For local development from this folder:

python -m pip install -e .

Usage

from nubra_python_sdk.marketdata.market_data import MarketData
from nubra_python_sdk.start_sdk import InitNubraSdk, NubraEnv
from nubra_oi_walls import run_multi_wall_proximity_scan, run_wall_proximity_scan

nubra = InitNubraSdk(NubraEnv.UAT)
market_data = MarketData(nubra)

summary_df = run_wall_proximity_scan(
    market_data=market_data,
    stocks=["NIFTY", "BANKNIFTY", "RELIANCE", "HDFCBANK"],
    normalize=False,
    exchange="NSE",
)

print(summary_df)

For multi-wall output when top_n > 1:

multi_df = run_multi_wall_proximity_scan(
    market_data=market_data,
    stocks=["NIFTY", "BANKNIFTY", "RELIANCE", "HDFCBANK"],
    normalize=False,
    top_n=3,
    exchange="NSE",
)

print(multi_df)

There is also a ready-to-run example in quickstart.py. That quickstart runs both DataFrame-returning functions.

Local test

Test the import:

python -c "from nubra_oi_walls import run_wall_proximity_scan, run_multi_wall_proximity_scan; print(run_wall_proximity_scan.__name__, run_multi_wall_proximity_scan.__name__)"

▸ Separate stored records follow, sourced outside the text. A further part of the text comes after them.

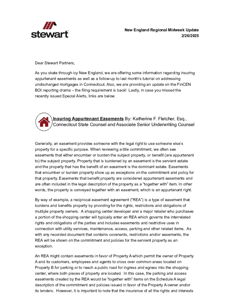 Este documento proporciona información sobre el aseguramiento de servidumbres accesorias, un seguimiento de una actualización previa sobre hipotecas no canceladas en Connecticut, y una actualización
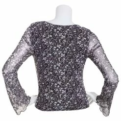 Hot Sale 🎁 Almost-Famous Clothing Juniors Almost Famous™ Floral Mesh Bell Sleeve Picot Trim Blouse 🌟
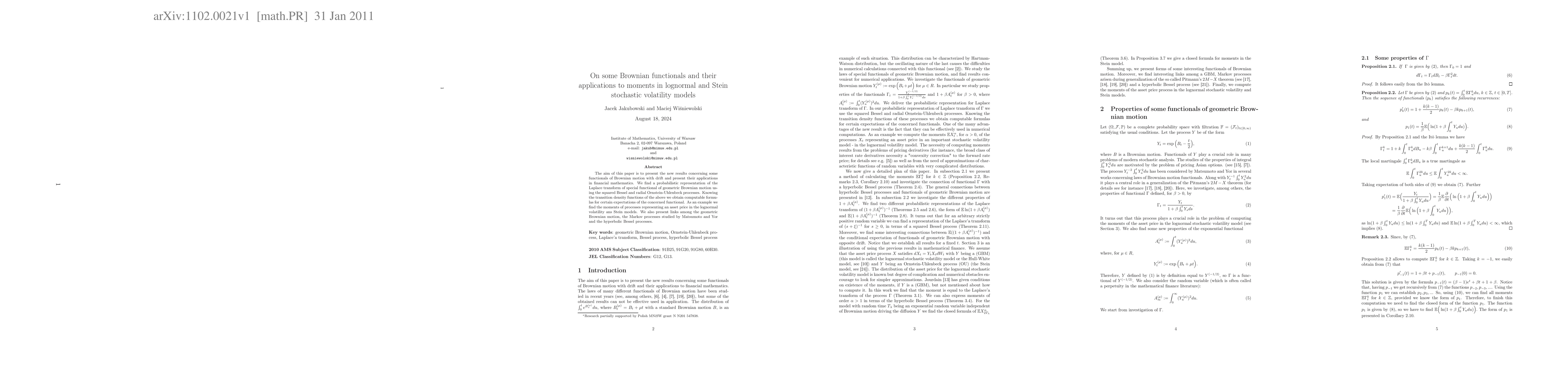 This paper introduces new results on Brownian functionals with drift and their applications in financial mathematics, specifically in lognormal and Stein stochastic volatility models. It provides probabilistic representations and computable formulas for expectations of these functionals, linking them to geometric Brownian motion and related Markov processes.
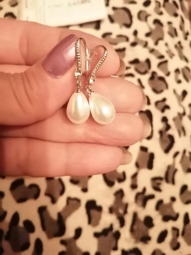 Серьги очень понравились. Качество на 5. Первый раз получила серьги отличного качества, я даже была в шоке. До этого приходили серьги (заказывала другие модели) только на выброс. Здесь дужка толстая не погнется и не сломается. Дорожка из камушек аккуратная. Смотрятся шикарно. Подумываю вторые заказать. Длина дужки 3 см. "Жемчужинка" см примерно 1,5 см. Спасибо производителю и продавцу. Наконец-то я купила приличную бижутерию.
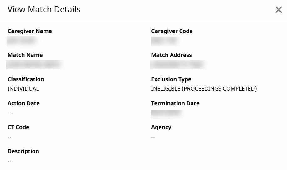 Under the More Info column, click the information icon to open the View Match Details window. Review the information provided and determine if the individual should be added to the False Positive List (FPL). Click the X at the top-right corner to exit the window and return to the results screen.
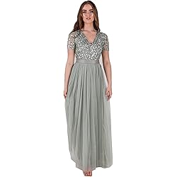 14,99 € (ab 17. Januar 2026 07:02 GMT +01:00 - Mehr InformationenProduct prices and availability are accurate as of the date/time indicated and are subject to change. Any price and availability information displayed on [relevant Amazon Site(s), as applicable] at the time of purchase will apply to the purchase of this product.)Maya Deluxe Damen Maxi Women's Embellished Sequin Long Short Sleeve V Neck High Empire Waist Cut Shiny Prom We Bridesmaid Dress, Taupe, 36 EU
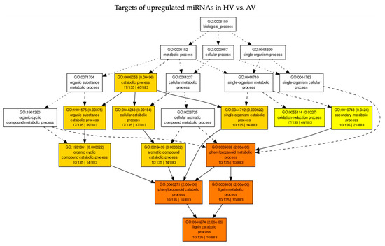 Acyclic graph showing hierarchical relationship of the enriched gene ontology (GO) terms associated with targets predicted from upregulated miRNAs in CaCV-infected capsicum grown at high temperature (HV) compared to ambient temperature (AV) in the biological process category. The color scale from yellow to red indicates an increasingly significant enrichment of GO terms.
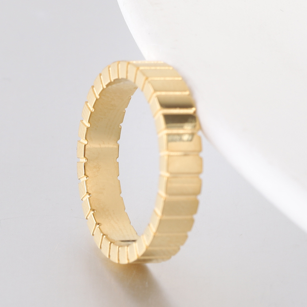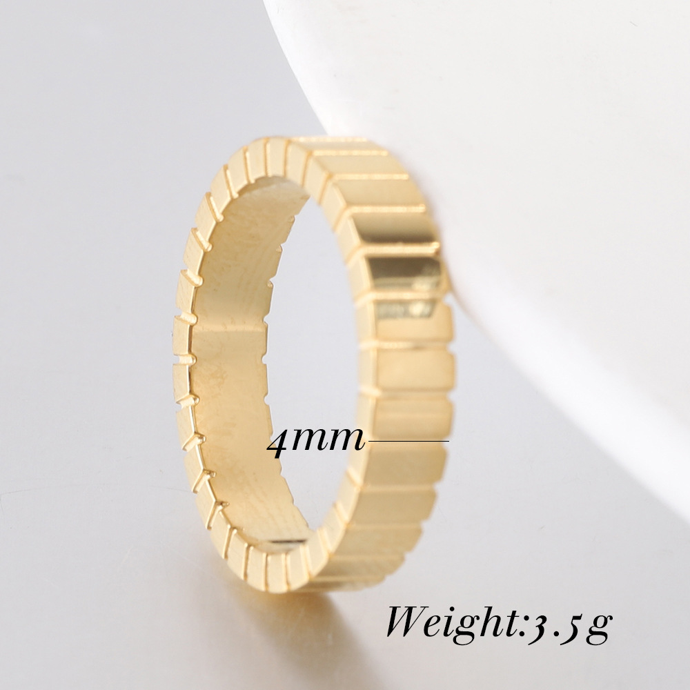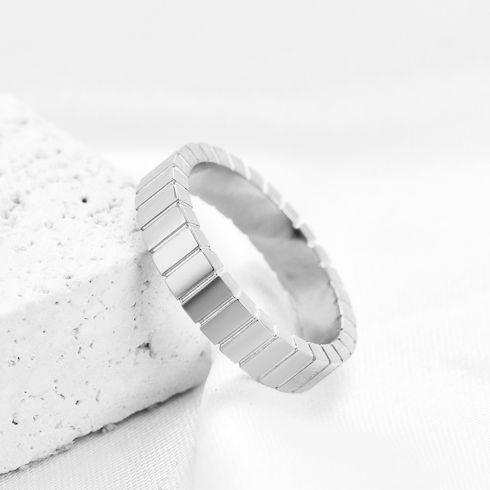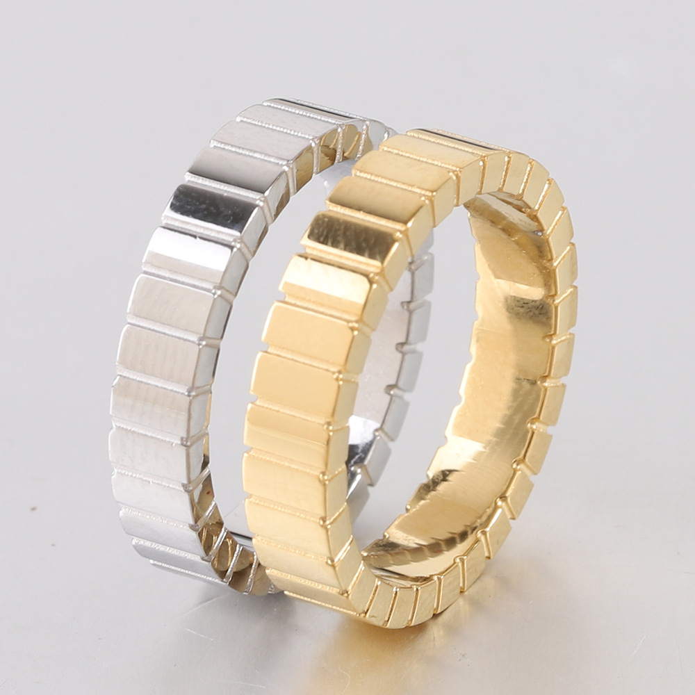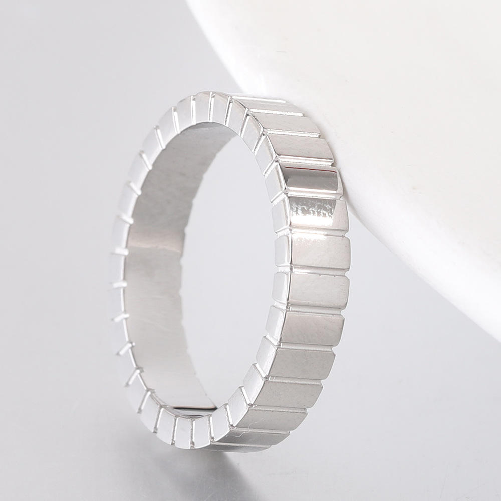 Manufacturer Wholesale European and American Cross-Border New 4mm Rectangular Plaid Fashion Simple Stripesd Stainless Steel Ring Hot Sale
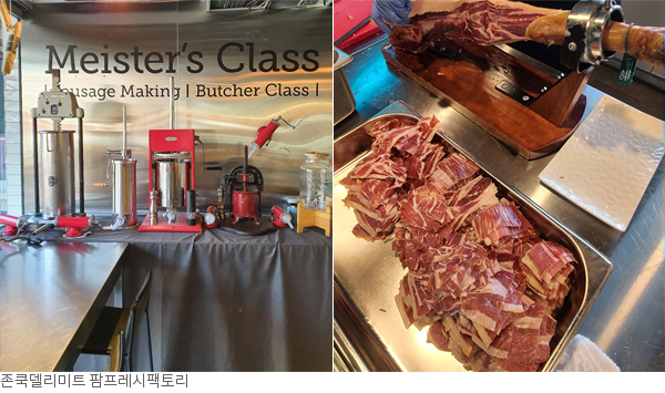 간편하게 존쿡 델리미트의 가공육 제품이 사용된 델리 메뉴를 즐길 수 있는 외식 공간과 고객들이 육가공품의 모든 제조 과정을 보고, 만지고, 향을 맡아볼 수 있는 관람 공간, 그리고 직접 고객들이 원하는 재료를 골라 프레시 소시지를 만들 수 있는 체험 공간이 모두 유기적으로 결합되어 오감을 만족시키는 경험을 제공한다. 물론 체험의 끝에는 즐거운 미식의 경험으로 마무리된다.

Run the quickstart example:

python examples/quickstart.py

Authentication and environment

The preferred integration is to pass your existing MarketData object from your main Nubra session into the scan functions.

The scanner defaults to the Nubra UAT environment only when it has to create its own internal client. To switch that fallback behavior to live usage, set:

$env:NUBRA_OI_WALLS_ENV = "PROD"

If you pass market_data, the package will reuse your existing Nubra session instead of creating a new one.

Import shape

from nubra_oi_walls import run_wall_proximity_scan, run_multi_wall_proximity_scan

Returned data

run_wall_proximity_scan(...) returns the classic single-wall summary as a pandas DataFrame.

run_multi_wall_proximity_scan(...) returns the expanded wall candidates as a pandas DataFrame.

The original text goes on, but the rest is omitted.